*ASSIGNED TASK*
Reproduce, without alteration, every line of the data; exclude the images.

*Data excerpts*

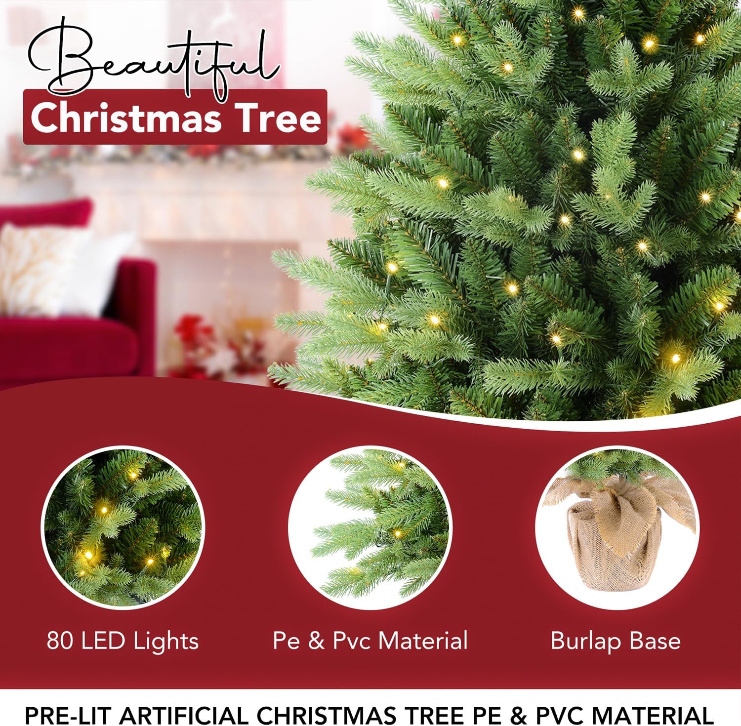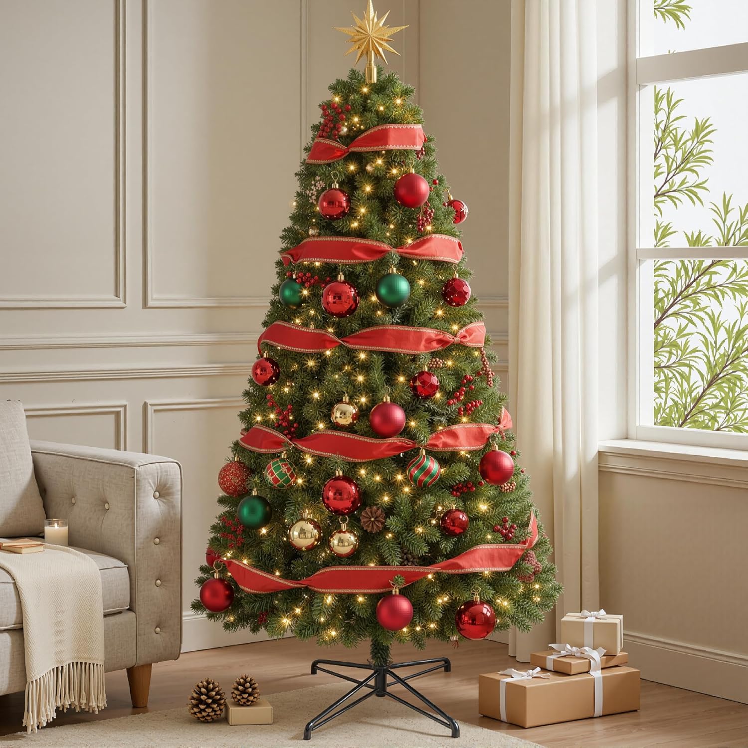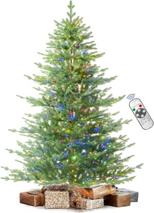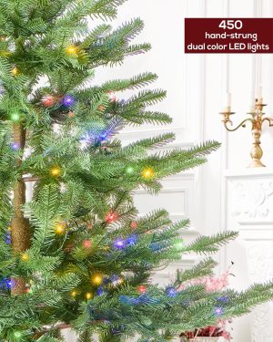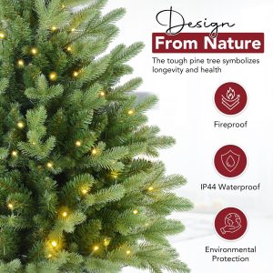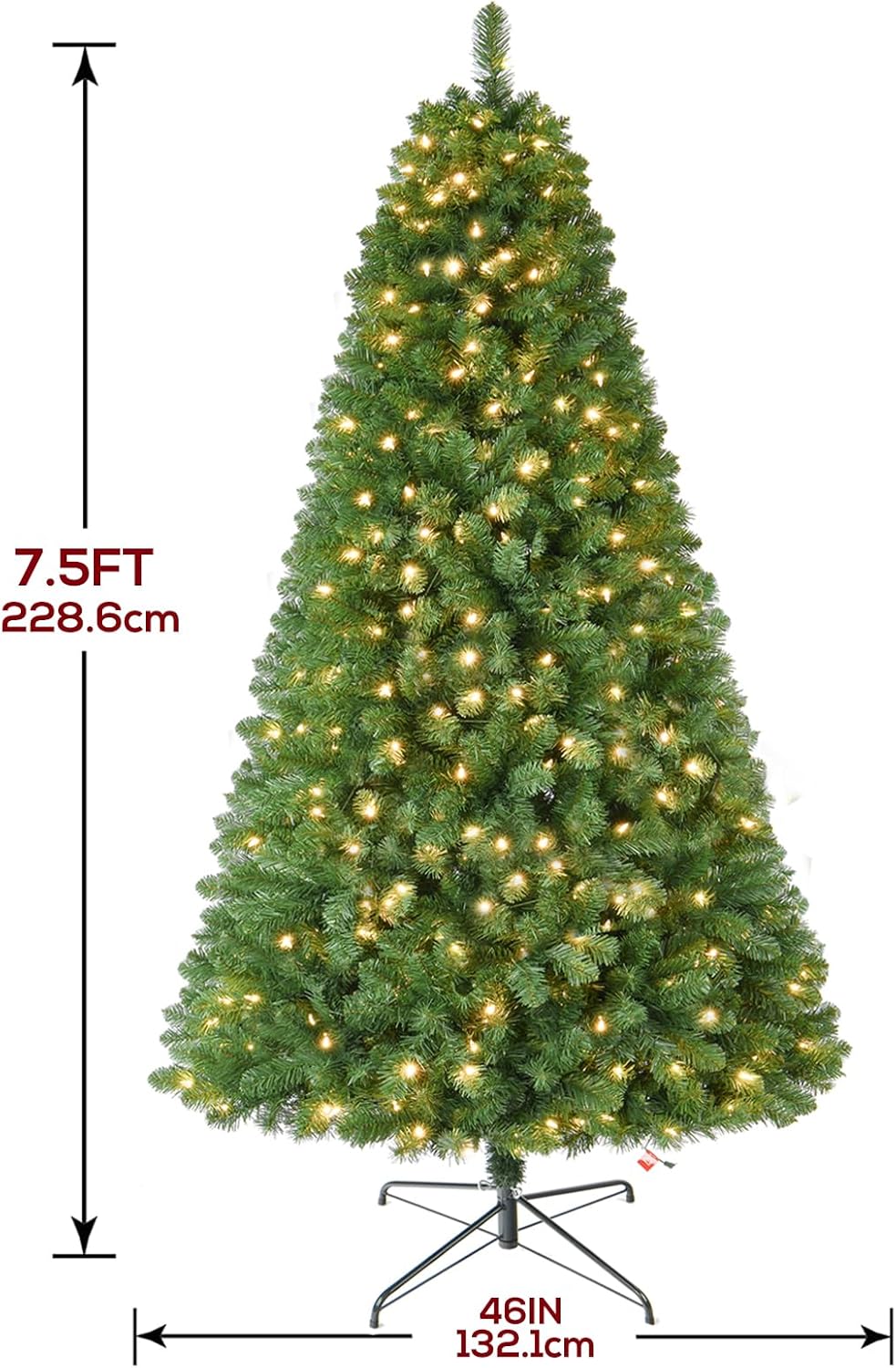 7.5 FT Prelit Christmas Tree, Artificial Spruce Christmas Tree with 350 Warm White LED Lights, 1100 PVC Branch Tips, Easy Assembly/Metal Stand/Hinged Branches Decoration
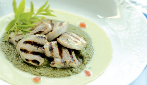 - Αλείφετε το ψαρονέφρι με λίγο λάδι και αλατοπιπερώνετε. Το ψήνετε στη σχάρα και μόλις είναι έτοιμο σερβίρετε τη σάλτσα σε 4 πιάτα. Στο κέντρο κάθε πιάτου βάζετε από μια κουταλιά μους κολοκυθιού και από πάνω τοποθετείτε το ψαρονέφρι. Ραντίζετε με μερικές σταγόνες ελαιόλαδο και στολίζετε με ένα κλαδάκι λουίζας.
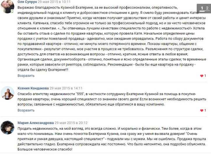 На этой странице опубликованы реальные отзывы клиентов - как положительные, так и отрицательные. Чтобы оставить свой отзыв о работе риэлтора, вам нужно пройти авторизацию,получив короткое смс сообщение. Публикация прикрепленных документов остаётся на усмотрение портала.
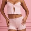 Comfortable and cute. Take lounging to the next level with the Tana top, a lightweight and breathable design, crafted from buttery soft and stretchy jersey made with Modal fibres. In keeping with the collection’s whimsical aesthetic, it’s traced with a pretty lace trim and cut to an open-front babydoll silhouette. It features adjustable camisole straps for your perfect fit and coordinates perfectly with the Kaci shorts.
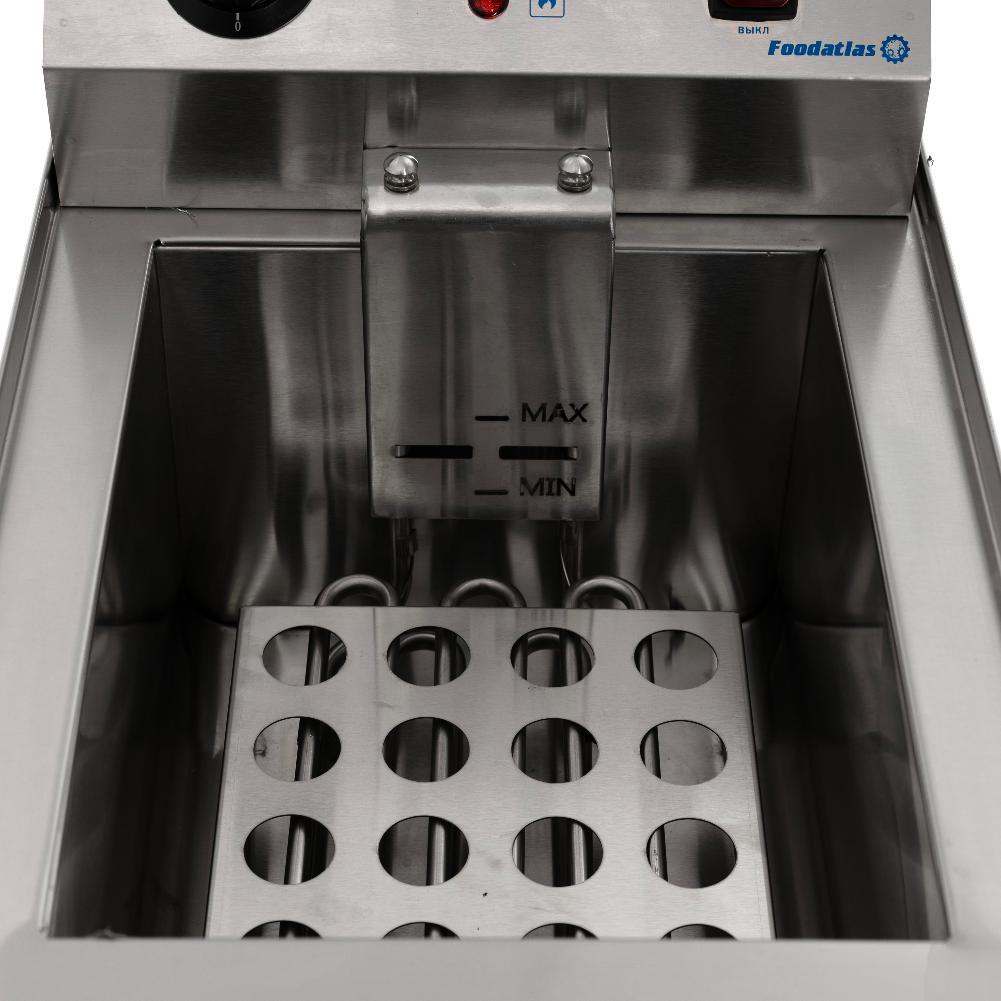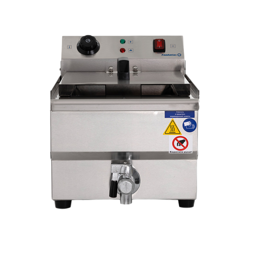 Фритюрница (13 л) DF-13L Foodatlas – это профессиональное оборудование для жарки во фритюре, идеально подходящее для кафе, ресторанов, фаст-фудов и столовых. Объем чаши 13 литров позволяет одновременно готовить большие порции, обеспечивая высокую производительность.
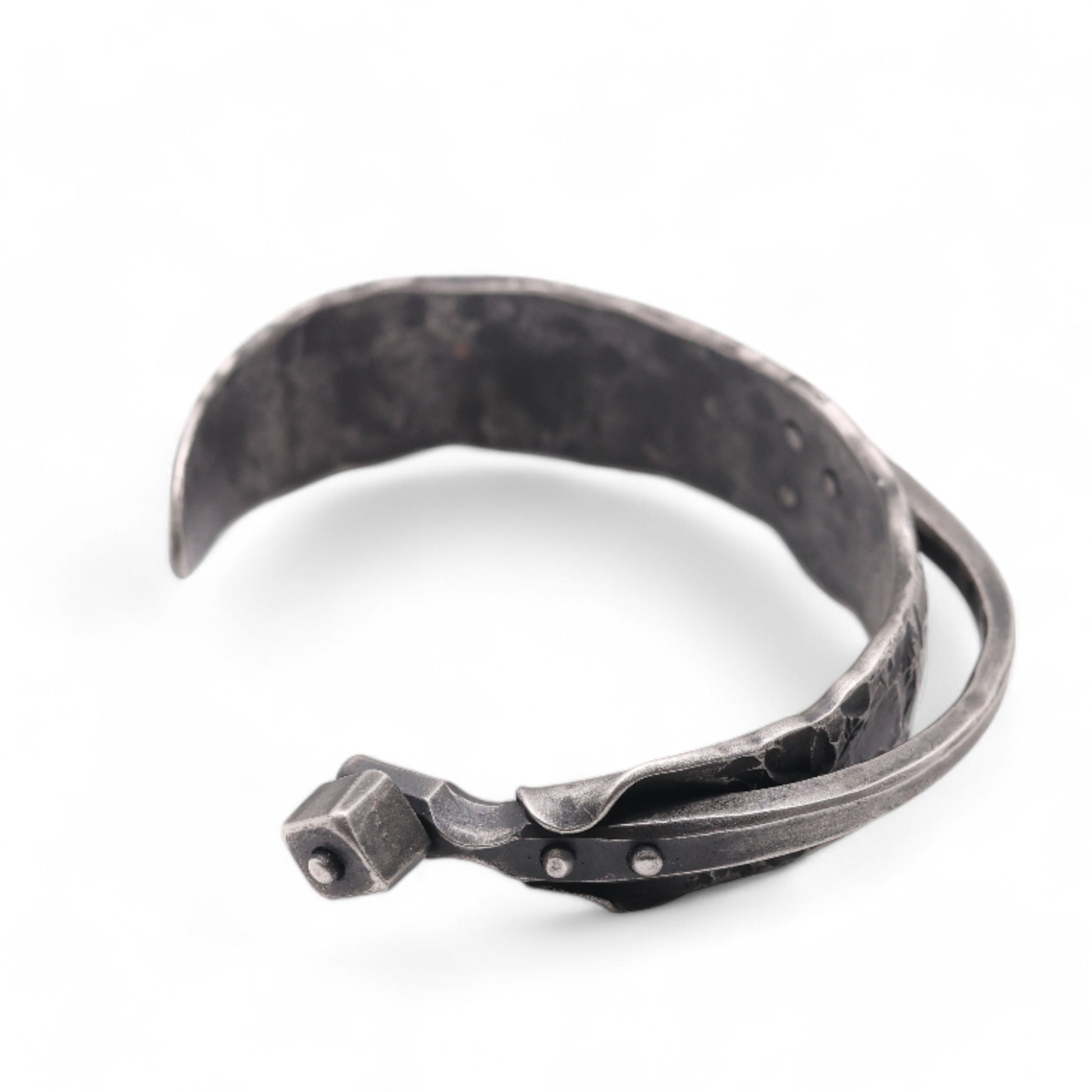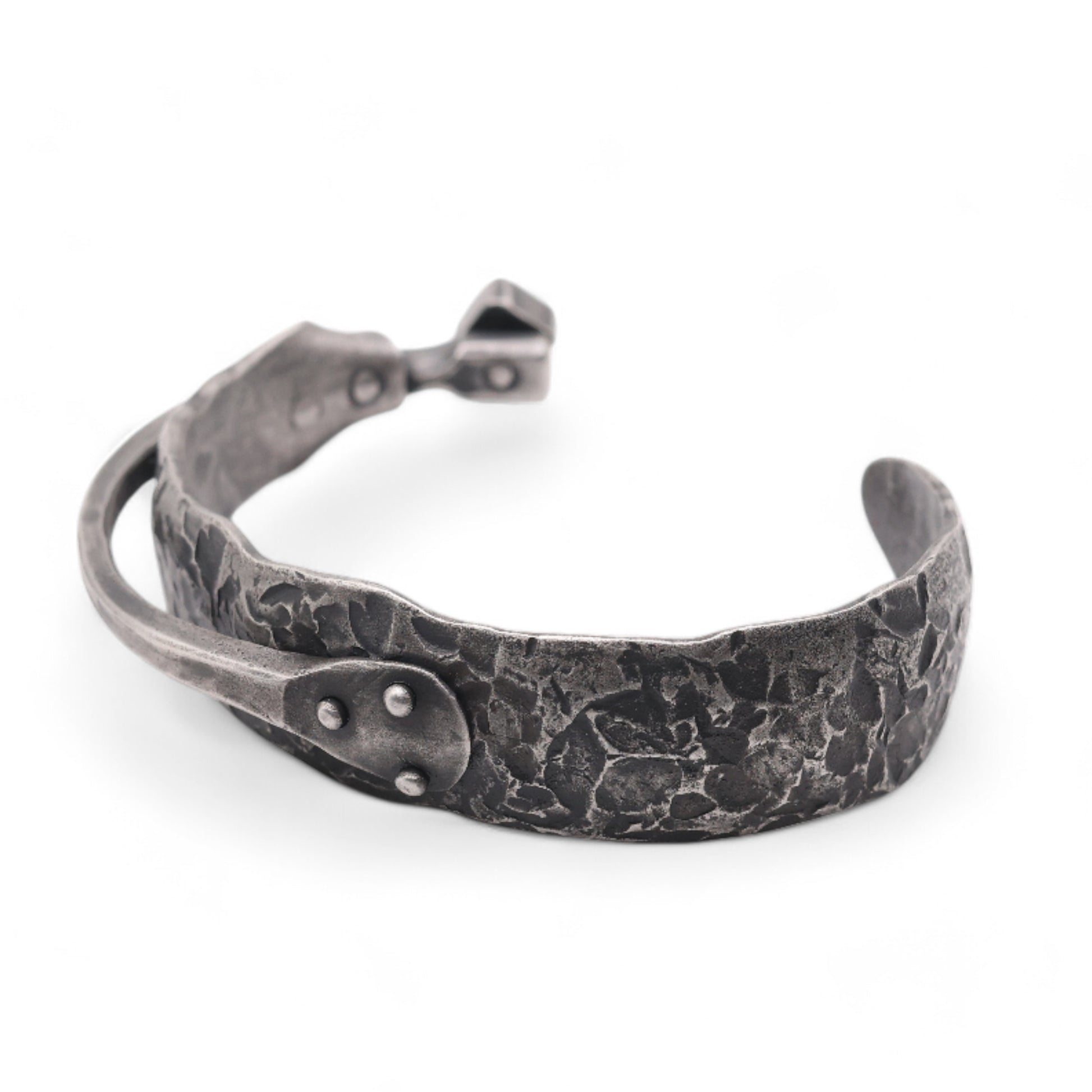 Hand-forged stainless steel "Dragonfly Wing" Bracelet with an iconic hand-hammered texture and brushed black patina finish. From "the Bug" Series.

*WRITTEN REPLY*
 7.5 FT Prelit Christmas Tree, Artificial Spruce Christmas Tree with 350 Warm White LED Lights, 1100 PVC Branch Tips, Easy Assembly/Metal Stand/Hinged Branches Decoration
 - Αλείφετε το ψαρονέφρι με λίγο λάδι και αλατοπιπερώνετε. Το ψήνετε στη σχάρα και μόλις είναι έτοιμο σερβίρετε τη σάλτσα σε 4 πιάτα. Στο κέντρο κάθε πιάτου βάζετε από μια κουταλιά μους κολοκυθιού και από πάνω τοποθετείτε το ψαρονέφρι. Ραντίζετε με μερικές σταγόνες ελαιόλαδο και στολίζετε με ένα κλαδάκι λουίζας.
 На этой странице опубликованы реальные отзывы клиентов - как положительные, так и отрицательные. Чтобы оставить свой отзыв о работе риэлтора, вам нужно пройти авторизацию,получив короткое смс сообщение. Публикация прикрепленных документов остаётся на усмотрение портала.
 Comfortable and cute. Take lounging to the next level with the Tana top, a lightweight and breathable design, crafted from buttery soft and stretchy jersey made with Modal fibres. In keeping with the collection’s whimsical aesthetic, it’s traced with a pretty lace trim and cut to an open-front babydoll silhouette. It features adjustable camisole straps for your perfect fit and coordinates perfectly with the Kaci shorts.
 Фритюрница (13 л) DF-13L Foodatlas – это профессиональное оборудование для жарки во фритюре, идеально подходящее для кафе, ресторанов, фаст-фудов и столовых. Объем чаши 13 литров позволяет одновременно готовить большие порции, обеспечивая высокую производительность.
 Hand-forged stainless steel "Dragonfly Wing" Bracelet with an iconic hand-hammered texture and brushed black patina finish. From "the Bug" Series.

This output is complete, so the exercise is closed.